DON’T GO UPSTAIRS! / AUTHOR: CLEAVER PATTERSON / PUBLISHER: MCFARLAND / RELEASE DATE: OUT NOW
A good creepy house is an essential component to any self-respecting horror film. It doesn’t even have to be infested by demons or the lair of a psychopath. Used carefully, it can exude dread on its own merits, simply by panning across its walls, zooming into its windows and suggesting that something unpleasant lurks within the strange angles connecting ceiling to flaw. Don’t Go Upstairs! is an engrossing tour, room-by-room, of the standard house in a horror movie, taking each living (and dying) space and pairing them with the films that have used those spaces to their best deadly advantage. Interested in bathrooms? So were Squirm and Hands of the Ripper. Curious about kitchens? Take a peek at Poltergeist and Scream. And don’t even get us started on attics, conservatories, and outdoor spaces…
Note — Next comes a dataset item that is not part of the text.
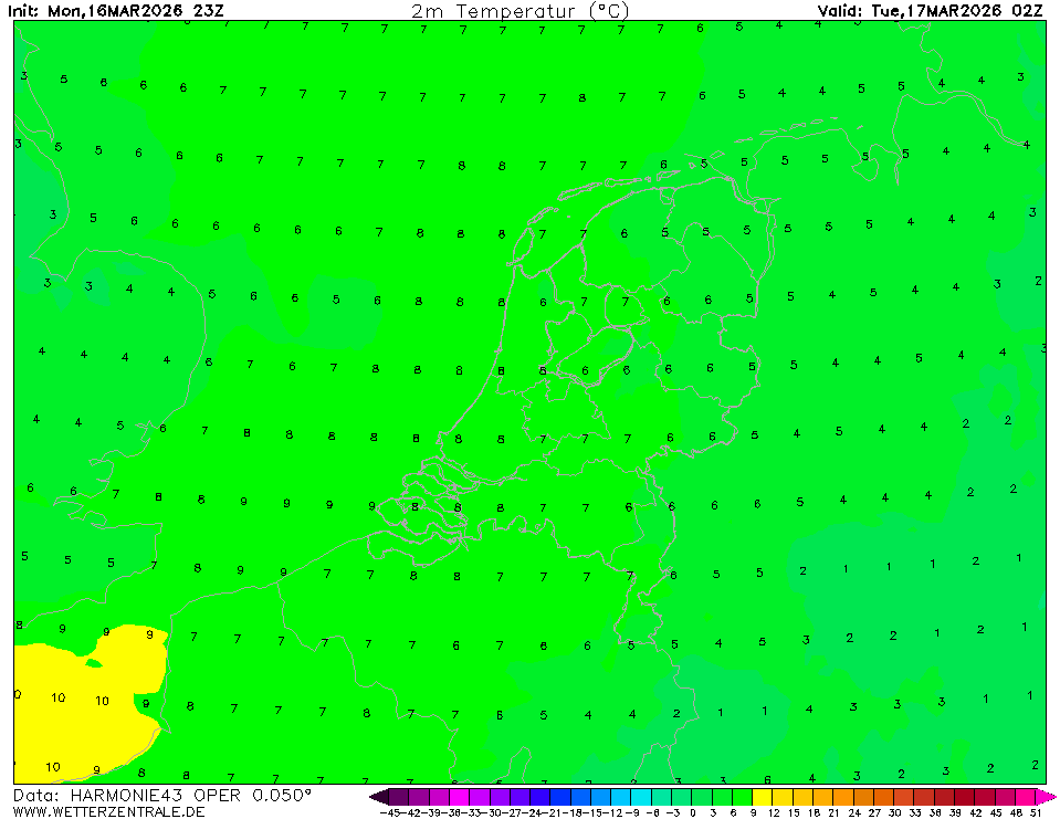 HARMONIE (KNMI-EU)Currently selected. HARMONIE is developed in a european consortium and this is the output provided by the KNMI at the supercomputing facilities in Iceland. The output from Cy43 is available at a rotated lat-lon grid and regridded at our server to a grid spacing of 0.05 degree. These data are the raw data provided by the KNMI. The model is reinitialized every hour and run up to 60 hrs ahead.

The problem with books about films is that they usually cover the same ground and tend to read like a laundry list of plot points and spoilers. Author Cleaver Patterson largely manages to avoid that, mainly because focusing on a room and using it as the nexus to tell the film’s story means we get to look at each individual plot synopsis from a slightly different angle. It’s also refreshing that he doesn’t make the obvious choices – Psycho is mentioned, but Patterson homes in on the cellar rather than the iconic bathroom. The Exorcist is namechecked, but for its hallway rather than the easy choice of Regan’s bedroom. But what especially delighted us were some of Patterson’s very welcome off-the-wall suggestions: La Belle et la Bete, although not a horror film per se, boasts one of cinema fantastique’s most disturbing dining rooms, and it’s great to see The Uninvited, Images, and especially the wonderful The Ballad of Tam Lin finally getting some well-deserved love. Patterson also throws in one or two movies that were completely unknown to this reviewer, and it’s a measure of his writing that I’m keen to track them down and correct that oversight. There’s an enthusiastic foreword from David McGillivray, a critic and screenwriter who’s probably best known for penning the Pete Walker frightfest House of Mortal Sin and Norman J. Warren’s Satan’s Slave, and a closing interview with Road Games director Abner Pastoll about the importance of the house as a film character. It’s an interesting conversation that made us wish more interviews could have been peppered throughout the book. Of course, we can always think of rooms and films we wish had been included and if there’s ever a Don’t Go Upstairs 2! we’d suggest the kitchen/tracheotomy in Full Circle, the creepy hallway leading to an operatic Hell in Lords of Salem, and the dark, decaying apartment in Possession, where Isabelle Adjani’s octopus lover awaits, but isn’t that the other pleasure of reading books like this? Like a good movie, they fill you with fresh ideas and leave you wanting more. Don’t Go Upstairs! is a must-own for diehard horror fans, and it’s illustrated with some very nice black and white movie stills as well.